### RECORD EXTRACTS
※
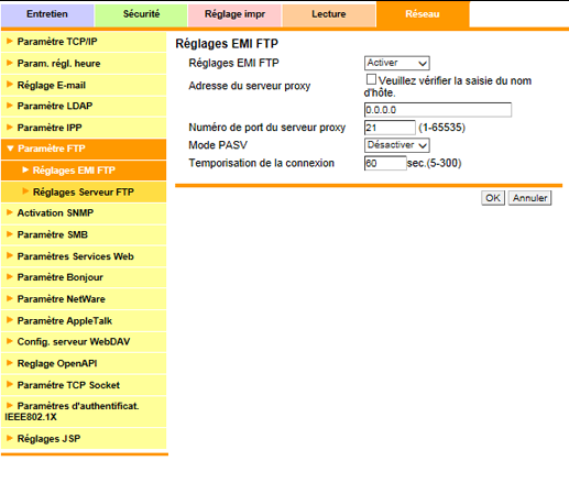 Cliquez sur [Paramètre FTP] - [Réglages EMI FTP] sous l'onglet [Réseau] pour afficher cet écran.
※
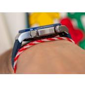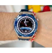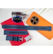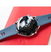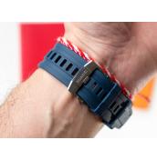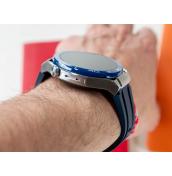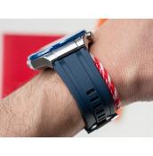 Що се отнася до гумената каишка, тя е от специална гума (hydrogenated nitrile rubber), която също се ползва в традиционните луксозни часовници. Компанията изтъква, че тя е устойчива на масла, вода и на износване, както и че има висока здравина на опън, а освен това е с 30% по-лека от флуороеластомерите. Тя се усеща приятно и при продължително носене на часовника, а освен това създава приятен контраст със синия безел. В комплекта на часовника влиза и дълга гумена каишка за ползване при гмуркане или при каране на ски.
※
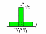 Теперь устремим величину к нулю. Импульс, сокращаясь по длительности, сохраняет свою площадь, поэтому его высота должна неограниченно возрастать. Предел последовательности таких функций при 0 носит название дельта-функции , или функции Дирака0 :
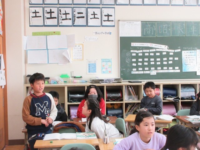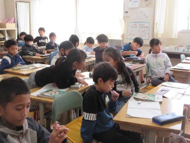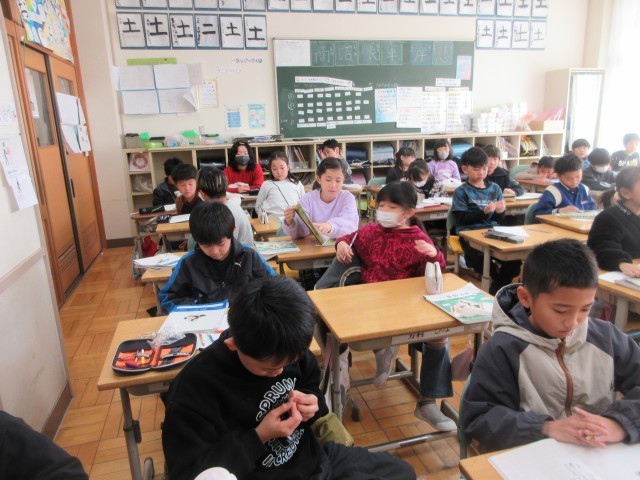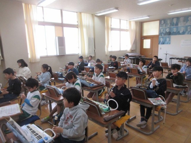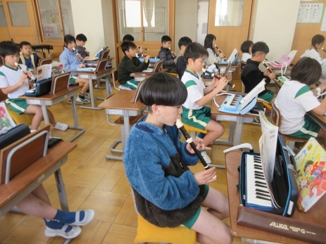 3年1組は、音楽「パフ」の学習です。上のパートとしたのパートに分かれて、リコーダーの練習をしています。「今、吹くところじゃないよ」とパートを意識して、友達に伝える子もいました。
※
### PROBLEM TO WORK ON
An exact copy is needed. It runs from the line above containing "Теперь устремим величину" down to the line containing "3年1組は、音楽「パフ」の学", both included, with no pictures.

### RESPONSE FOR THIS EXERCISE
 Теперь устремим величину к нулю. Импульс, сокращаясь по длительности, сохраняет свою площадь, поэтому его высота должна неограниченно возрастать. Предел последовательности таких функций при 0 носит название дельта-функции , или функции Дирака0 :
 3年1組は、音楽「パフ」の学習です。上のパートとしたのパートに分かれて、リコーダーの練習をしています。「今、吹くところじゃないよ」とパートを意識して、友達に伝える子もいました。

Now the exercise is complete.